I should be perfectly satisfied with
everything, did not my time hang so idle on my hands at the Harbour. I
want something to occupy my leisure moments, and do not despair of yet
being able to find a mode of life more suitable to the activity of my
early days. I have friends enough--more than I deserve--and, yet, a man
needs occupation, who has the strength and disposition to be employed.

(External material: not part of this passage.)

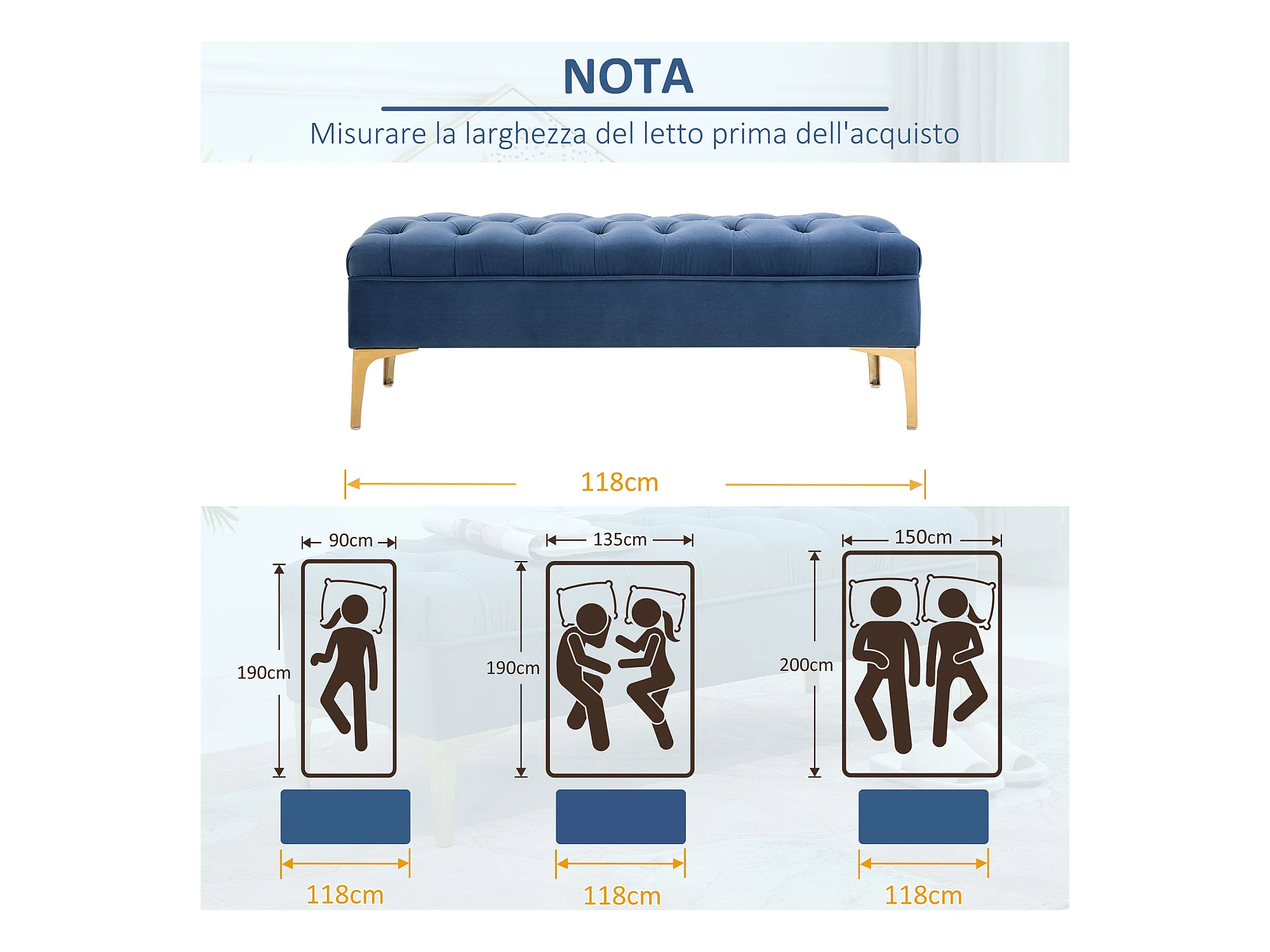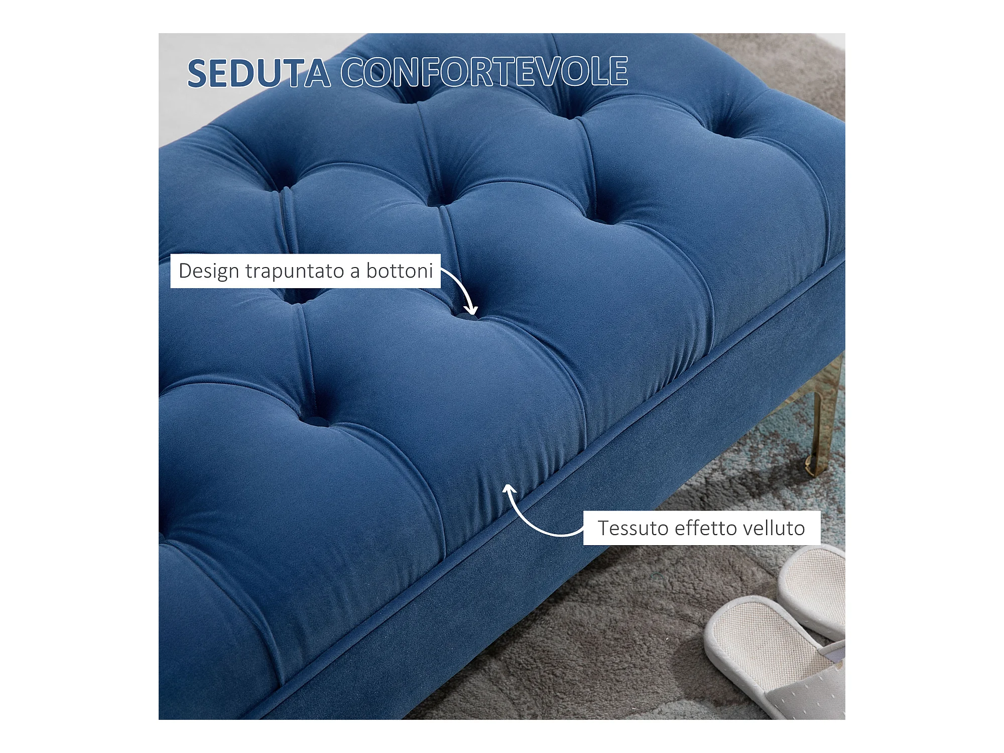 Panca imbottita fondoletto in tessuto vellutato blu

That which is to happen is in the hands of Providence, and I humbly trust
I shall be cared for, to the end, as I have been cared for, through so
many scenes of danger and trial.
My great wish is that this picture of a sailor's risks and hardships, may
have some effect in causing this large and useful class of men to think on
the subject of their habits. I entertain no doubt that the money I have
disposed of far worse than if I had thrown it into the sea, which went to
reduce me to that mental hell, the 'horrors,' and which, on one occasion,
at least, drove me to the verge of suicide, would have formed a sum, had
it been properly laid by, on which I might now have been enjoying an old
age of comfort and respectability. It is seldom that a seaman cannot lay
by a hundred dollars in a twelvemonth--oftentimes I have earned double
that amount, beyond my useful outlays--and a hundred dollars a year, at
the end of thirty years, would give such a man an independence for the
rest of his days.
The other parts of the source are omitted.